What you have to do: In your copy of the entries below, keep every word exactly and leave out all images.

Information shown:
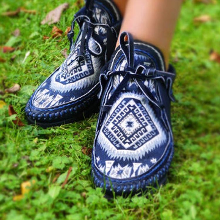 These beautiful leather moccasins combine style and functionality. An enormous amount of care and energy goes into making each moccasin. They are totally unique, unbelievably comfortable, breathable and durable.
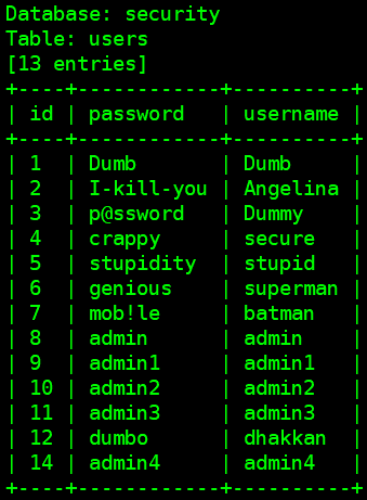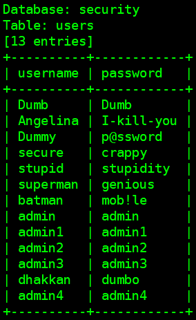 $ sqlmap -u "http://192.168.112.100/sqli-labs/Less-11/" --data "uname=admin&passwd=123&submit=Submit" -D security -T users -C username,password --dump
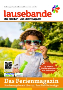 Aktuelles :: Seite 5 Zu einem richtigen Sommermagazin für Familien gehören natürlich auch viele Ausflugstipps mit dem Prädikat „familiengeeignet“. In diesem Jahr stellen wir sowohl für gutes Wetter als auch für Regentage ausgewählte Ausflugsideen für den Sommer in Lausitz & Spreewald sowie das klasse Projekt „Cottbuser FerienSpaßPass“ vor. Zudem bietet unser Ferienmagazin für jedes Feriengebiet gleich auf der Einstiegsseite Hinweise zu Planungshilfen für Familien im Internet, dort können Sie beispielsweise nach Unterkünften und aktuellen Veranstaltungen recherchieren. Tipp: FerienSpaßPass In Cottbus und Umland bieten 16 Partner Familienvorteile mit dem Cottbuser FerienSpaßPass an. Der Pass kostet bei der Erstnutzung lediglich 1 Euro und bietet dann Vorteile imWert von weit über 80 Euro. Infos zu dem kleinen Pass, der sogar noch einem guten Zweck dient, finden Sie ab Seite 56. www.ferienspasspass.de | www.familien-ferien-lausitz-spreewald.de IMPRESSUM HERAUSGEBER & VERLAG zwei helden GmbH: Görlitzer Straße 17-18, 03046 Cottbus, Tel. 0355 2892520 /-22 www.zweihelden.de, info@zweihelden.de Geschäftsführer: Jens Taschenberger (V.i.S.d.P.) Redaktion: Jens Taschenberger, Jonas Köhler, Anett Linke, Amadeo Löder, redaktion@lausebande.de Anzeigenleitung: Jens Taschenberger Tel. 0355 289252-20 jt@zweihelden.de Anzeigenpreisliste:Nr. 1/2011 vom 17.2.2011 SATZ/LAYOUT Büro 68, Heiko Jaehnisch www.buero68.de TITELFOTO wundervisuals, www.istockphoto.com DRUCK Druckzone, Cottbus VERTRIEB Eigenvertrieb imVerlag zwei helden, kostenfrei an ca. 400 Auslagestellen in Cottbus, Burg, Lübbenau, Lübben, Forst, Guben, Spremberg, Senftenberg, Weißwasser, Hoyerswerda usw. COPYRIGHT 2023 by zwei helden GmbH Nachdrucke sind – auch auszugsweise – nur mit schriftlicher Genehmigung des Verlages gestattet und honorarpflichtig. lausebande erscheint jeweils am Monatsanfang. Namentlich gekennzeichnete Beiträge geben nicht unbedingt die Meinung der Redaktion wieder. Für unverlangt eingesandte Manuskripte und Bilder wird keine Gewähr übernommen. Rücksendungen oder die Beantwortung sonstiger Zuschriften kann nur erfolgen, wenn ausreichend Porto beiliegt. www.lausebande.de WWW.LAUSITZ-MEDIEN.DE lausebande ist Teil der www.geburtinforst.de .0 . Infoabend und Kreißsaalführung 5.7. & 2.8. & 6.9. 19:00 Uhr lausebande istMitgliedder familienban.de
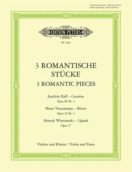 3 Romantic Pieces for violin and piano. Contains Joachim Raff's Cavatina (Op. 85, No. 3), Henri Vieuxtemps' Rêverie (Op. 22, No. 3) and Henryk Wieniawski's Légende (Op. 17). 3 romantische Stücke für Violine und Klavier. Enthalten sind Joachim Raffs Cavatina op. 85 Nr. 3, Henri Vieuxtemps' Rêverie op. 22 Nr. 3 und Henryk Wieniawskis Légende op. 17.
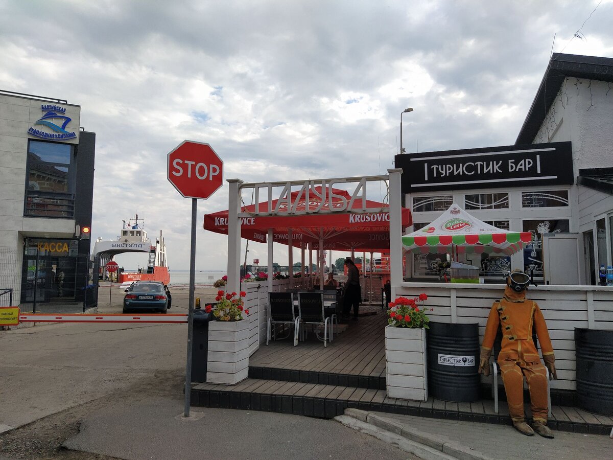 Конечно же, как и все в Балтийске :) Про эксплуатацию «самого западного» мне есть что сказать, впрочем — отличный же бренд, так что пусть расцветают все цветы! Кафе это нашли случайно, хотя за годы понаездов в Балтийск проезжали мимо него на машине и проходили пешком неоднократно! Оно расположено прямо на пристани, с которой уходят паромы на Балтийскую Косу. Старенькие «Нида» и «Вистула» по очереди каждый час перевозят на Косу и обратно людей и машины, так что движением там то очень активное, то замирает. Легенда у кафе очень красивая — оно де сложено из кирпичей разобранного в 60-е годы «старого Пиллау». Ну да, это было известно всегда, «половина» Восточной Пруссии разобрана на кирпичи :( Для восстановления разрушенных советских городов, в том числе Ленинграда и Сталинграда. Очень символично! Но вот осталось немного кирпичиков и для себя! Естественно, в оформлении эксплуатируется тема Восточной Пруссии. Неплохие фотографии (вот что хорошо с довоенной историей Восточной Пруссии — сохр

Output:
 These beautiful leather moccasins combine style and functionality. An enormous amount of care and energy goes into making each moccasin. They are totally unique, unbelievably comfortable, breathable and durable.
 $ sqlmap -u "http://192.168.112.100/sqli-labs/Less-11/" --data "uname=admin&passwd=123&submit=Submit" -D security -T users -C username,password --dump
 Aktuelles :: Seite 5 Zu einem richtigen Sommermagazin für Familien gehören natürlich auch viele Ausflugstipps mit dem Prädikat „familiengeeignet“. In diesem Jahr stellen wir sowohl für gutes Wetter als auch für Regentage ausgewählte Ausflugsideen für den Sommer in Lausitz & Spreewald sowie das klasse Projekt „Cottbuser FerienSpaßPass“ vor. Zudem bietet unser Ferienmagazin für jedes Feriengebiet gleich auf der Einstiegsseite Hinweise zu Planungshilfen für Familien im Internet, dort können Sie beispielsweise nach Unterkünften und aktuellen Veranstaltungen recherchieren. Tipp: FerienSpaßPass In Cottbus und Umland bieten 16 Partner Familienvorteile mit dem Cottbuser FerienSpaßPass an. Der Pass kostet bei der Erstnutzung lediglich 1 Euro und bietet dann Vorteile imWert von weit über 80 Euro. Infos zu dem kleinen Pass, der sogar noch einem guten Zweck dient, finden Sie ab Seite 56. www.ferienspasspass.de | www.familien-ferien-lausitz-spreewald.de IMPRESSUM HERAUSGEBER & VERLAG zwei helden GmbH: Görlitzer Straße 17-18, 03046 Cottbus, Tel. 0355 2892520 /-22 www.zweihelden.de, info@zweihelden.de Geschäftsführer: Jens Taschenberger (V.i.S.d.P.) Redaktion: Jens Taschenberger, Jonas Köhler, Anett Linke, Amadeo Löder, redaktion@lausebande.de Anzeigenleitung: Jens Taschenberger Tel. 0355 289252-20 jt@zweihelden.de Anzeigenpreisliste:Nr. 1/2011 vom 17.2.2011 SATZ/LAYOUT Büro 68, Heiko Jaehnisch www.buero68.de TITELFOTO wundervisuals, www.istockphoto.com DRUCK Druckzone, Cottbus VERTRIEB Eigenvertrieb imVerlag zwei helden, kostenfrei an ca. 400 Auslagestellen in Cottbus, Burg, Lübbenau, Lübben, Forst, Guben, Spremberg, Senftenberg, Weißwasser, Hoyerswerda usw. COPYRIGHT 2023 by zwei helden GmbH Nachdrucke sind – auch auszugsweise – nur mit schriftlicher Genehmigung des Verlages gestattet und honorarpflichtig. lausebande erscheint jeweils am Monatsanfang. Namentlich gekennzeichnete Beiträge geben nicht unbedingt die Meinung der Redaktion wieder. Für unverlangt eingesandte Manuskripte und Bilder wird keine Gewähr übernommen. Rücksendungen oder die Beantwortung sonstiger Zuschriften kann nur erfolgen, wenn ausreichend Porto beiliegt. www.lausebande.de WWW.LAUSITZ-MEDIEN.DE lausebande ist Teil der www.geburtinforst.de .0 . Infoabend und Kreißsaalführung 5.7. & 2.8. & 6.9. 19:00 Uhr lausebande istMitgliedder familienban.de
 3 Romantic Pieces for violin and piano. Contains Joachim Raff's Cavatina (Op. 85, No. 3), Henri Vieuxtemps' Rêverie (Op. 22, No. 3) and Henryk Wieniawski's Légende (Op. 17). 3 romantische Stücke für Violine und Klavier. Enthalten sind Joachim Raffs Cavatina op. 85 Nr. 3, Henri Vieuxtemps' Rêverie op. 22 Nr. 3 und Henryk Wieniawskis Légende op. 17.
 Конечно же, как и все в Балтийске :) Про эксплуатацию «самого западного» мне есть что сказать, впрочем — отличный же бренд, так что пусть расцветают все цветы! Кафе это нашли случайно, хотя за годы понаездов в Балтийск проезжали мимо него на машине и проходили пешком неоднократно! Оно расположено прямо на пристани, с которой уходят паромы на Балтийскую Косу. Старенькие «Нида» и «Вистула» по очереди каждый час перевозят на Косу и обратно людей и машины, так что движением там то очень активное, то замирает. Легенда у кафе очень красивая — оно де сложено из кирпичей разобранного в 60-е годы «старого Пиллау». Ну да, это было известно всегда, «половина» Восточной Пруссии разобрана на кирпичи :( Для восстановления разрушенных советских городов, в том числе Ленинграда и Сталинграда. Очень символично! Но вот осталось немного кирпичиков и для себя! Естественно, в оформлении эксплуатируется тема Восточной Пруссии. Неплохие фотографии (вот что хорошо с довоенной историей Восточной Пруссии — сохр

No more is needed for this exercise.